Every line from the start of the records through the line with "Photoshop调出外景婚片斑斓的暗蓝色(8)" is to be written out exactly; pictures are not.

» **Working data**:
::::

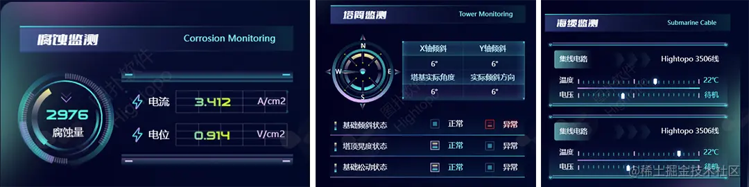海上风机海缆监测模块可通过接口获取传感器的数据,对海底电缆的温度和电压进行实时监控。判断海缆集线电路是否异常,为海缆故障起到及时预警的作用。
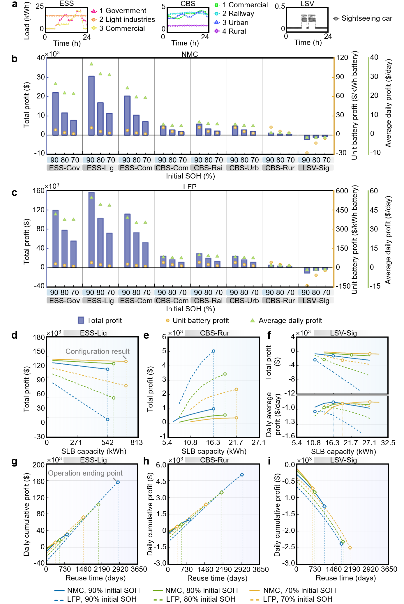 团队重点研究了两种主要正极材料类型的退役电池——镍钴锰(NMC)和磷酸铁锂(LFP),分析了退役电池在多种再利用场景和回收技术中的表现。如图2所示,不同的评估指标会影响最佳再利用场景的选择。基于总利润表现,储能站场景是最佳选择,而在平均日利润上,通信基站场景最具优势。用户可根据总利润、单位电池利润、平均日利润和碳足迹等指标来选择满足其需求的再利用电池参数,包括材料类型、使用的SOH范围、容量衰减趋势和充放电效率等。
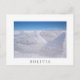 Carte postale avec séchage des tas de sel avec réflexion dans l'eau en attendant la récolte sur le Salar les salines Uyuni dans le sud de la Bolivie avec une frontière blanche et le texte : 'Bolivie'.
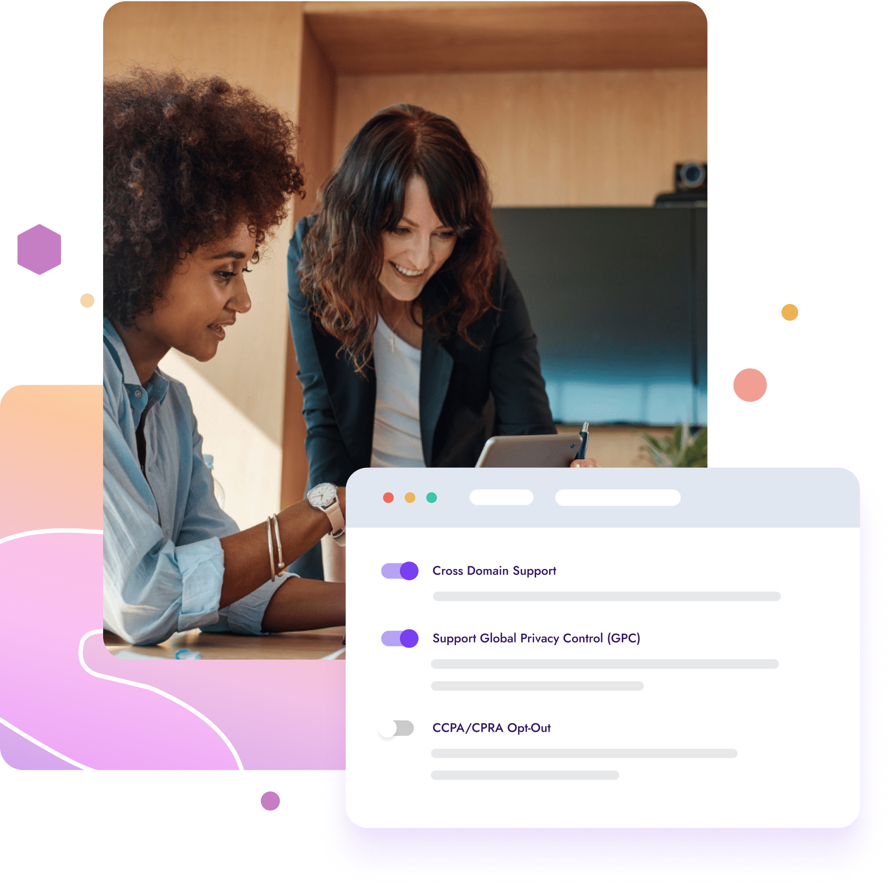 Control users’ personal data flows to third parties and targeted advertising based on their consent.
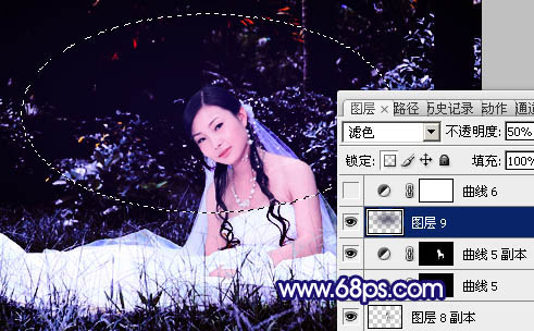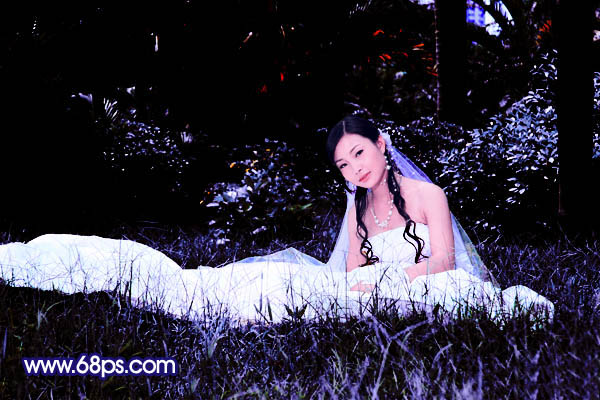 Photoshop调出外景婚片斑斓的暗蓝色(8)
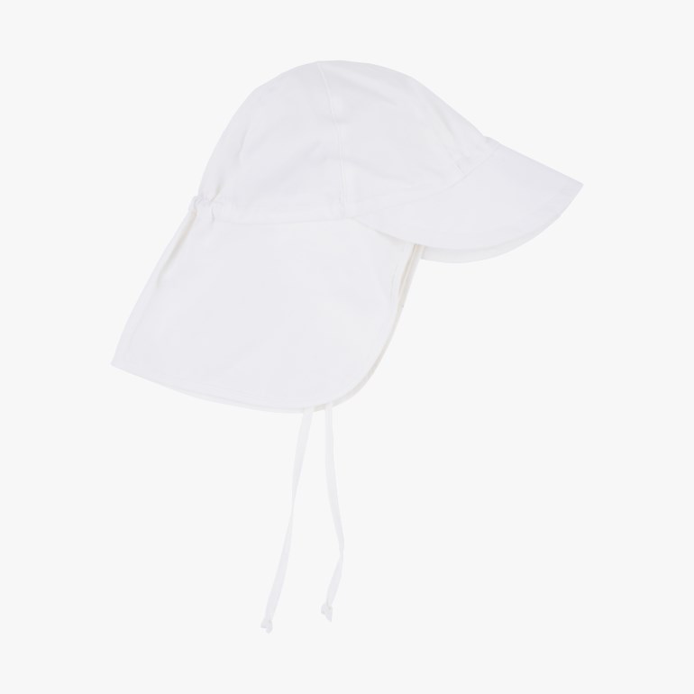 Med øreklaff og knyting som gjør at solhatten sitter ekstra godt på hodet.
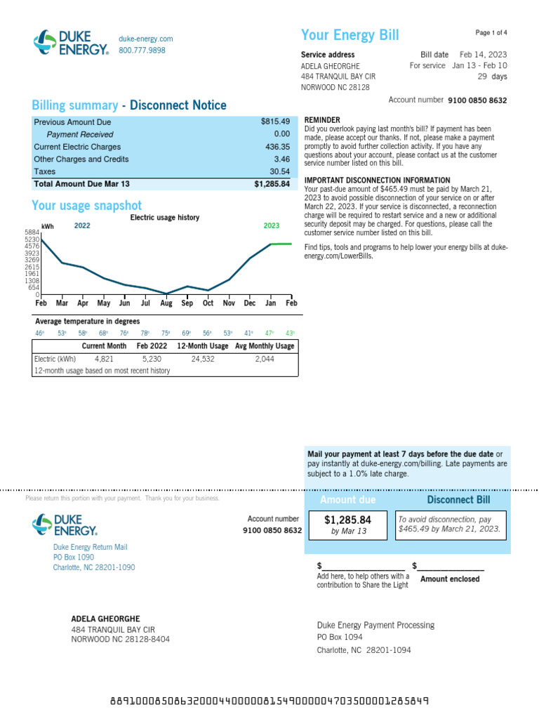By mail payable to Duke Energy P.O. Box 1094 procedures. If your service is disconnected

::::

» **The answer**:
海上风机海缆监测模块可通过接口获取传感器的数据,对海底电缆的温度和电压进行实时监控。判断海缆集线电路是否异常,为海缆故障起到及时预警的作用。
 团队重点研究了两种主要正极材料类型的退役电池——镍钴锰(NMC)和磷酸铁锂(LFP),分析了退役电池在多种再利用场景和回收技术中的表现。如图2所示,不同的评估指标会影响最佳再利用场景的选择。基于总利润表现,储能站场景是最佳选择,而在平均日利润上,通信基站场景最具优势。用户可根据总利润、单位电池利润、平均日利润和碳足迹等指标来选择满足其需求的再利用电池参数,包括材料类型、使用的SOH范围、容量衰减趋势和充放电效率等。
 Carte postale avec séchage des tas de sel avec réflexion dans l'eau en attendant la récolte sur le Salar les salines Uyuni dans le sud de la Bolivie avec une frontière blanche et le texte : 'Bolivie'.
 Control users’ personal data flows to third parties and targeted advertising based on their consent.
 Photoshop调出外景婚片斑斓的暗蓝色(8)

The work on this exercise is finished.